Unlock Super Crispy Cornbread Crust With One Ingredient

There's a way to achieve a particular kind of extra-crispy crust to an otherwise soft and tender cornbread, and it's not by using any traditional ingredient: You won't get it through leavening agents, salt, sweeteners, or even medium-ground cornmeal. No, the secret to this special kind of crisp cornbread crust lies in the use of a type of finely ground corn flour called masa harina. ​​Cornbread made with masa is a whole other animal.

Other than using masa, your cornbread recipe won't differ much from those that use leavening agents and sweeteners. Masa is essentially corn flour, not cornmeal, and because of that, it is much more finely ground. But that's not the only thing that distinguishes masa: The way it's processed changes its flavor as well as texture (it's been described as more "corn-forward"). What happens when you combine this soft, bread-flour consistency with ground corn's natural crunch? A crisp cornbread crust, that's what.

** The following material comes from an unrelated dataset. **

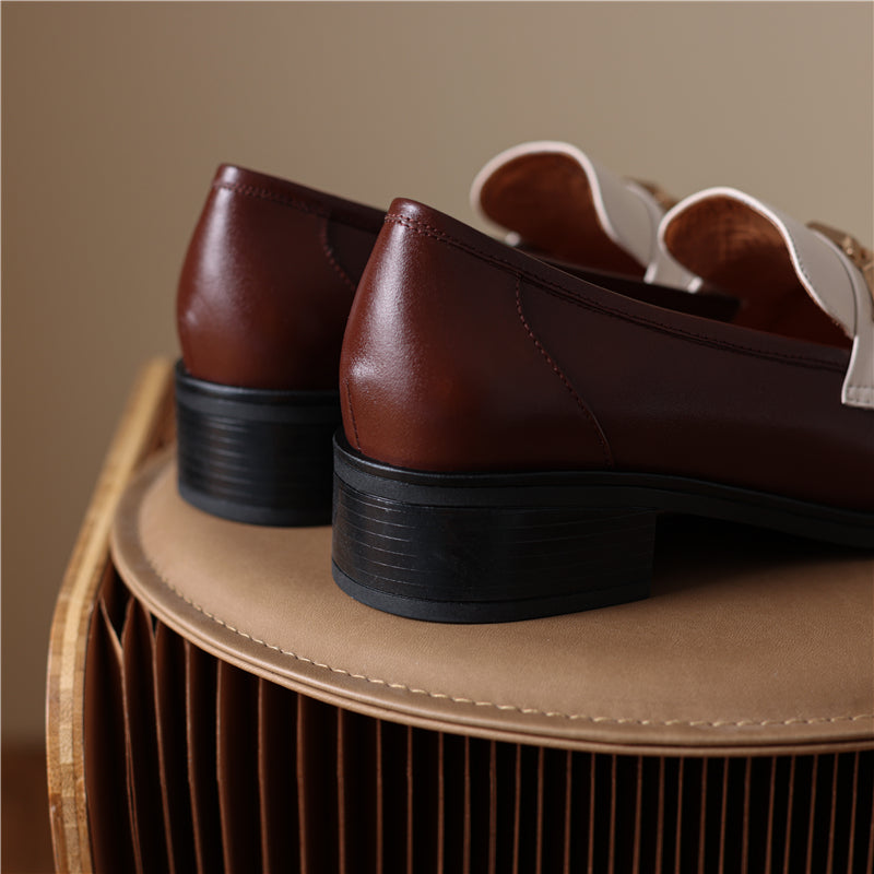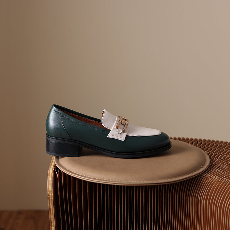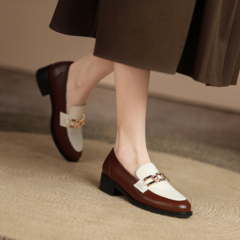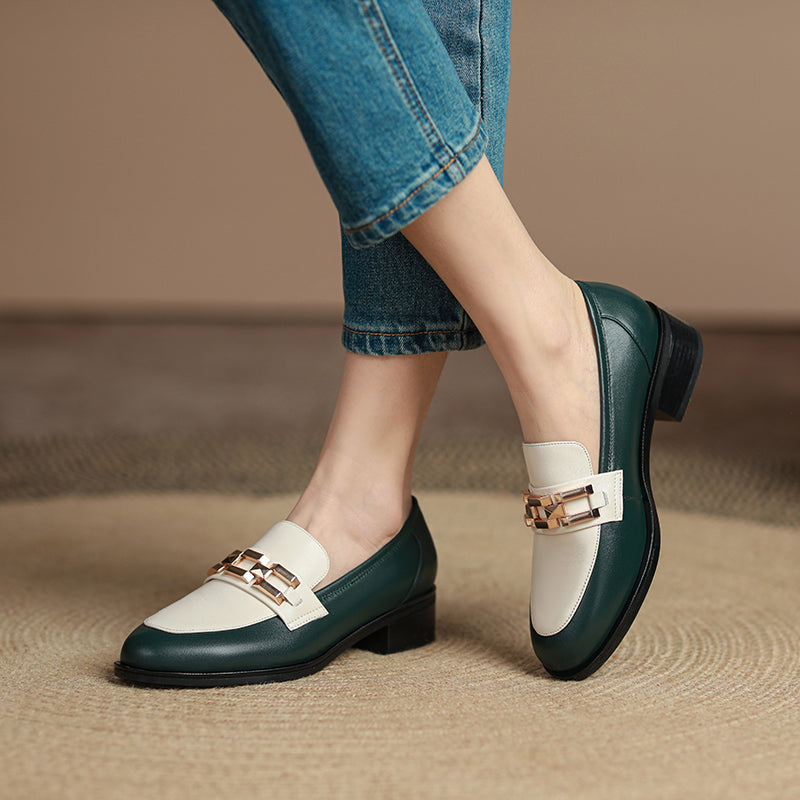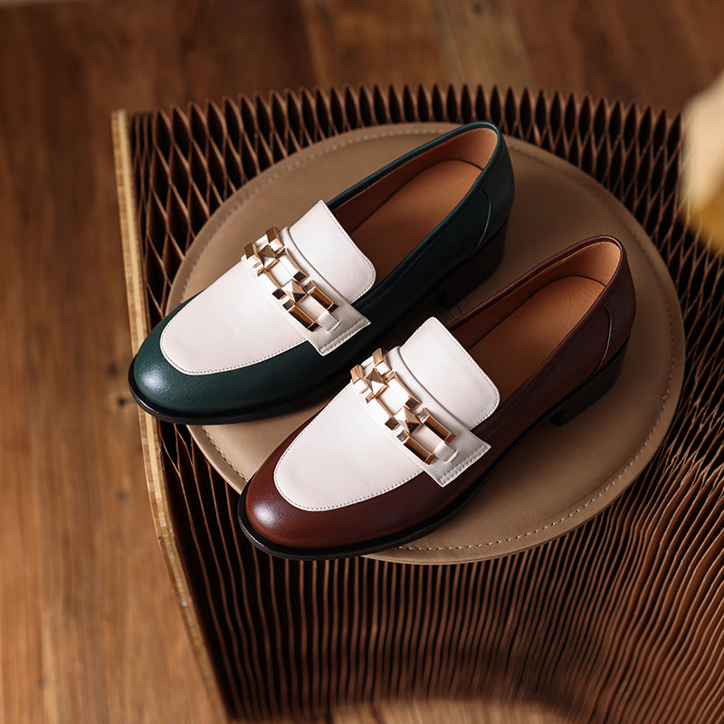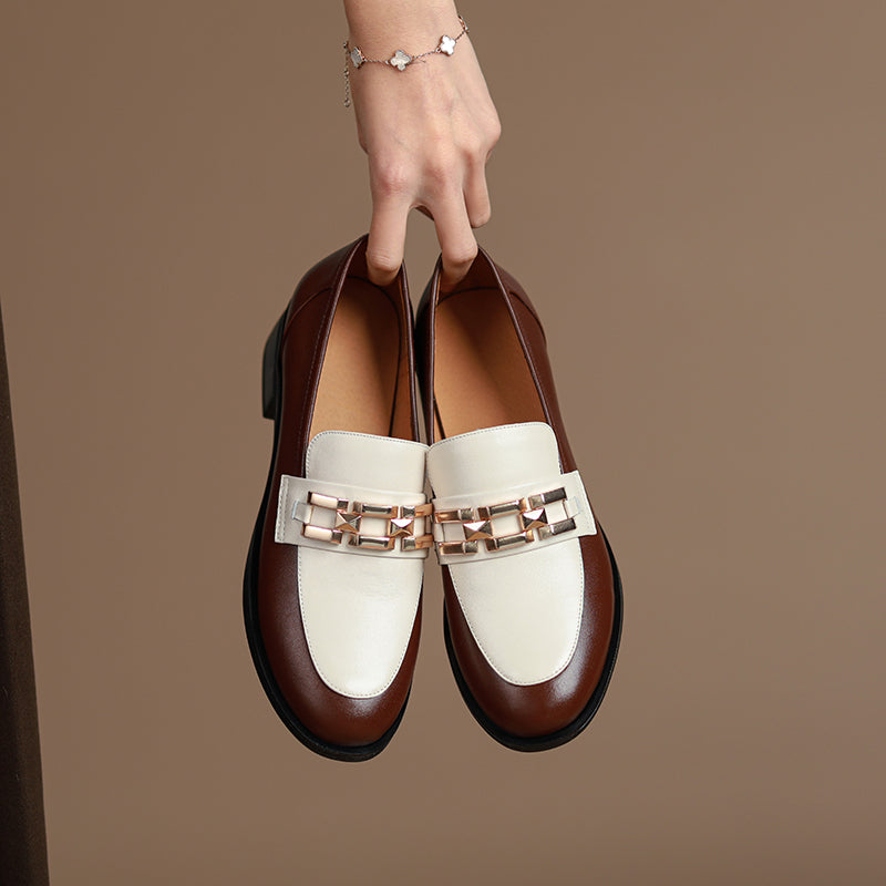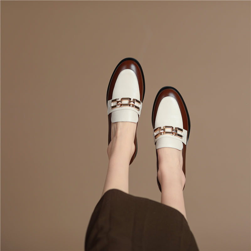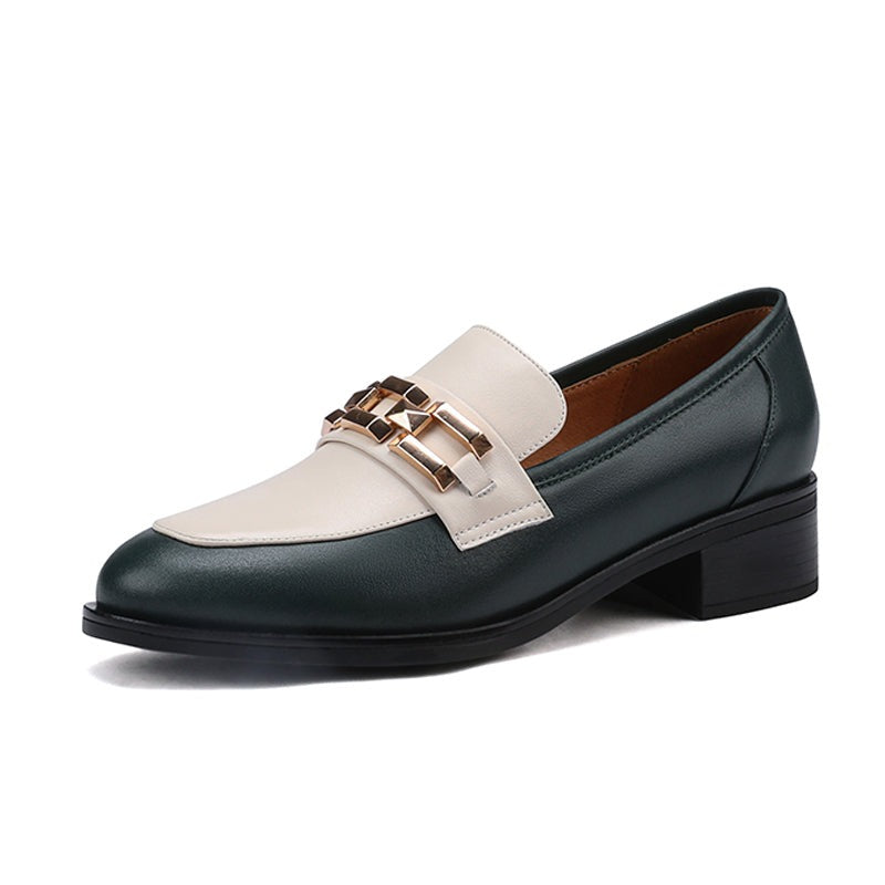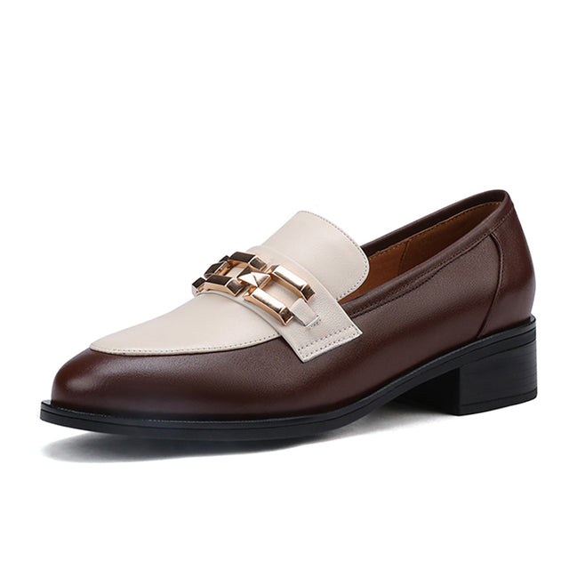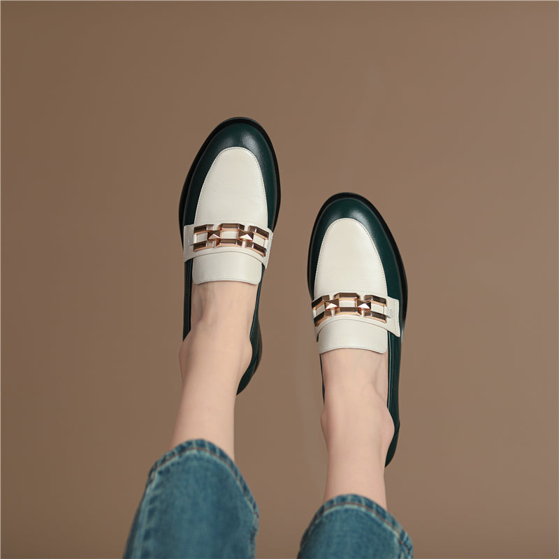 Women Genuine Leather Oxfords Shoes Hand-made Leisure Slip On Brogues Metal Decoration Shoes for Ladies Autumn Flat shoes 2022
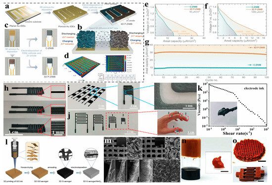 Although numerous efforts have been conducted to advance cathode materials with superb performance, the energy density of ZIMBs remains insufficient for practical applications. Apart from the cathode material, the mass loading and structural stability of the microelectrodes also play a crucial role in determining the capacity of ZIMBs. Because of the limited area of 2D geometry, the innovative 3D architecture electrode has emerged. Increasing the mass loading within the constrained footprint area is an effective solution for boosting the energy density of MBs. To this end, 3D architecture electrodes take full benefit of the vertical dimension (height) to increase the surface-to-volume ratio and enable more mass loading [52]. For example, Naresh et al. [54] introduced porous 3D Au scaffold-based electrodes (IDEs) as current collectors, facilitating the efficient loading of PANI and Zn, respectively (Figure 5a–c). The measured thicknesses of the Zn and PANI for the 3D architecture electrodes are 7 and 17 μm, respectively (Figure 5d), which are much higher than those for flat Au electrodes (6 μm and 11 μm, respectively). In the 3D P-ZIMB, the areal capacities rise from 15 to 35 μAh cm−2 at 50 μA cm−2 and from 6.8 to 16 μAh cm−2 at 1000 μA cm−2 compared to the C-ZIMB (Figure 5e,f). Even at higher areal currents, the 3D P-ZIMB achieves a substantial enhancement in areal capacity (≈135%). Its areal capacities are markedly superior to those of the C-ZIMB (Figure 5g). In general, 3D direct printing is employed to construct 3D electrodes. Printed electrodes were fabricated with 1, 3, and 5 layers, exhibiting proper device formation without any shape distortion. The patterned electrodes reached a maximum height of approximately 2.5 mm with a footprint of around 1.5 cm × 1.5 cm (Figure 5h) [55]. The printed interdigital electrodes demonstrated good consistency. The optical microscopy of the magnified local view of the electrode reveals the solid electrode’s clear formation, featuring sharp corners and clean gaps between interdigital legs. Moreover, interdigital electrodes of various sizes can be accurately manufactured, with the minimum spacing between adjacent electrodes reaching 100 μm (Figure 5i). MBs of varying miniaturized sizes can be efficiently attached to the limited surface area of fingers (Figure 5j), showcasing adjustable miniaturization to suit diverse application needs. The gel-like inks, possessing controlled fluidity, allow for smooth extrusion from the nozzle at a regulated speed, preventing clogging (Figure 5k). Yao et al. [56] demonstrated printed graphene electrodes with high MnO2 loading (182.2 mg cm−2) (Figure 5l,m), achieving a fairly high areal capacity. Combining picketing emulsion and direct ink writing, Huang et al. developed free-standing, porous polymer foams (Figure 5n,o) [57].

Nixtamalization: A way to achieve peace in hominy

Cornmeal is ground field corn, also known as maize. It's only the difference in the grind from coarsest to finest that differentiates grits, delicious polenta, and, of course, cornmeal. If you buy stone-ground cornmeal (and you should), the corn's germ and bran are ground up, as well. Grits are sometimes made with hominy, which is dried maize that is processed with lye and/or lime in order to remove the hulls and tenderize the kernels. This is known as nixtamalization, an ancient Mesoamerican process (traditionally using wood ash) that not only greatly increased the body's ability to absorb the corn's vitamins and nutrients, but also added aromatic nuance and depth of flavor — corn, forward.

Unlike cornmeal, masa is made from nixtamalized corn. So, it isn't just the fineness of its grind that sets it apart. But even so, masa keeps its corn essence very much intact; something that all-purpose flour is never going to achieve either in flavor or texture. We have masa to thank for such delicacies as tamales and tortillas, because — like wheat flour — the only thing you need to add to it in order to make a dough is water.

It's not your traditional Southern cornbread

If you're into the idea of baking a sweet, crisp, and almost cakey cornbread — go for it. But the cornbread-made-with-flour concept is actually a bit of a regional bone of contention, for very interesting reasons that have to do with industry as much as sugar. In a nutshell, the commercialization of agriculture in the early part of the 20th century brought us widely available ground corn flour; much finer than the coarse grind a local farmer's water mill could provide, and an ingredient that could actually be leavened. This steel-milled corn flour was less sweet than the old-school "field ripened" corn meal, and before long, cooks (predominantly in the North), started adding sugar to their cornbread.

While this produces a toothsome bake, it's a far cry from traditional Southern cornbread batter, made with buttermilk and cooked in a smoking-hot cast iron skillet smeared with bacon fat — and that, too, results in its own kind of delectable crispness. It sounds like a compare-and-contrast cornbread cook-off will be a highly rewarding experiment.